Artificial intelligence governance in healthcare is progressing across multiple jurisdictions but remains fragmented, under-enforced, and uneven in its ambition, according to a global analysis presented at a forum convened by the ADB-WHO Forum on Harnessing AI for Health Equity in Manila last week.
Peiling Yap, Chief Scientist at HealthAI – The Global Agency for Responsible AI, drew on the organisation’s December 2025 report to outline the state of AI health governance across eight countries — Brazil, China, India, the UK, Singapore, the United States, Vietnam, and Zambia — identifying shared structural trends, persistent common challenges, and country-specific findings.
Three structural trends
Yap identified three trends shaping the regulatory landscape globally. The first is the growing role of software as a medical device (SaMD) frameworks as the primary legal foundation for AI governance in healthcare.
Most countries are broadly aligning with IMDRF-based risk classification guidelines, she said, but a regulatory grey zone persists around in-hospital AI systems and direct-to-consumer applications, which frequently fall outside existing medical device classifications. Emerging mechanisms to address these gaps include model cards for AI-enabled medical devices, predetermined change control plans, and expanded post-market surveillance authority covering the full product lifecycle.
The second trend is the emergence of what Yap described as multi-layered governance architecture, combining national AI strategies, data protection legislation, digital health infrastructure, and sector-specific medical device regulation.
She cited the EU AI Act’s contested interaction with the Medical Device Regulation, Peru’s AI law and its limited enforcement capacity, and South Korea’s dual compliance requirement under both the Digital Medical Products Act and the AI Basic Act as illustrations of the complexity this creates in practice.
The third trend is the rise of digital sovereignty as a central concern in national health data strategy. Governments are increasingly developing dedicated health data platforms and seeking to define how data may be used in AI development.
Yap noted that data from wearables and consumer health applications frequently falls outside traditional health privacy frameworks, and that re-identification of individuals through cross-dataset analysis is an expanding risk that regulators are only beginning to address.
Three cross-cutting challenges
Across all eight jurisdictions, Yap identified three systemic challenges. The first is fragmented regulatory authority: in every country examined, multiple agencies carry overlapping mandates with limited coordination between them.
The second is the inadequacy of existing governance frameworks for adaptive AI — systems that continue to learn and change after deployment — which current regulatory models were not designed to handle.
The third is infrastructure inequity: uneven broadband connectivity and digital literacy between urban and rural populations, a challenge Yap described as present not only in emerging markets but across all eight countries in the study.
She also noted a broader structural problem: a consistent distance between the ambitious strategic visions governments articulate in national AI strategies and their capacity to translate those visions into enforceable regulation.
China: a two-phase model
Yap devoted particular attention to China, describing its approach as a deliberate two-phase strategy.
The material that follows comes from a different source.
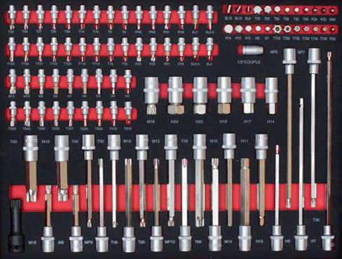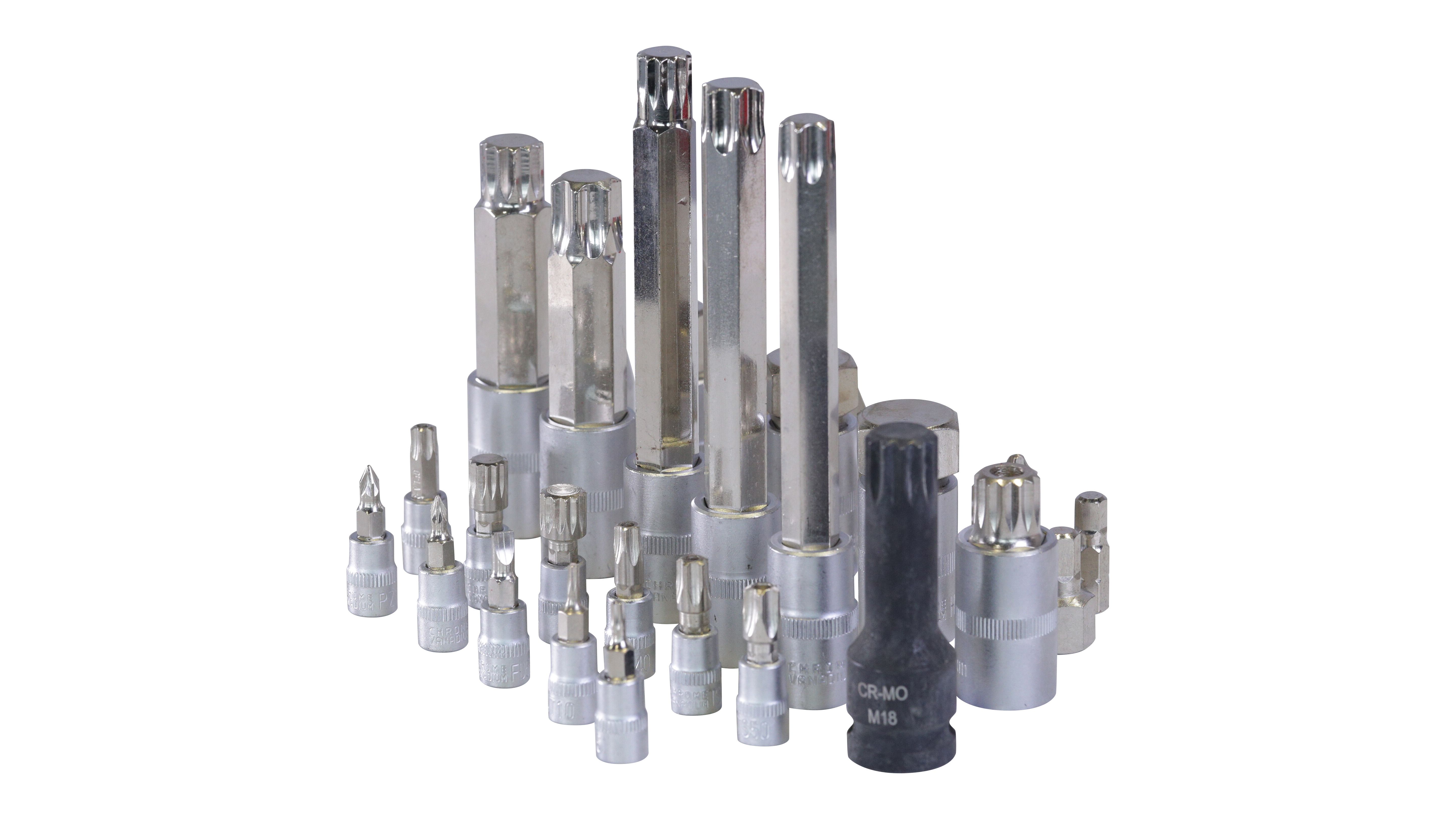 Головки-биты 1/2": MP7, MP8, MP9, MP10, M9, M10, M12, M14, M16, M16, T30, TT40, T45, T50, T55, T60, T70, T80, H5, H7, H10, H11, H13, H14, 17, H19, H22, 24

The first phase focuses on building what she termed a “digital highway” — the data platforms, governance standards, and regulatory infrastructure needed to support AI deployment at scale.
This includes a four-level national population health information platform under a Medical Big Data strategy, and an Internet Plus Healthcare programme that had reached more than 3,340 internet hospitals by December 2024.
The second phase, already under way, involves guiding AI applications onto that infrastructure. China’s National Medical Products Administration has developed specialised guidelines for AI-enabled medical devices, with mandatory adverse event reporting and periodic re-evaluations.
By October 2025, more than 110 Class III AI medical devices had received approval, with domestic firms holding over 90% of approvals. Yap also noted China’s stated intent to align with EU MDR, IVDR, and FDA GMLP standards to facilitate synchronous global product launches.
Vietnam: foundations in place, capacity to build
Vietnam, Yap said, is at an earlier stage but has the right legal foundations in place, including a Digital Technology Industry Law and a Personal Data Protection Decree. AI applications in healthcare are currently regulated under SaMD pathways.
She noted that HealthAI is actively working with Vietnamese regulators to build the enforcement and assessment capacity required to manage the incoming wave of AI deployment.
Recommendations for governments
Closing her presentation, Yap outlined HealthAI’s recommendations for national governments and health ministries: establishing formal interagency coordination mechanisms such as dedicated AI councils or cross-ministerial working groups; adopting participatory and evidence-based policy design; and prioritising investment in foundational infrastructure including electricity, broadband connectivity, digital health platforms, and society-wide AI literacy.
The full HealthAI report is available for download via the organisation’s website.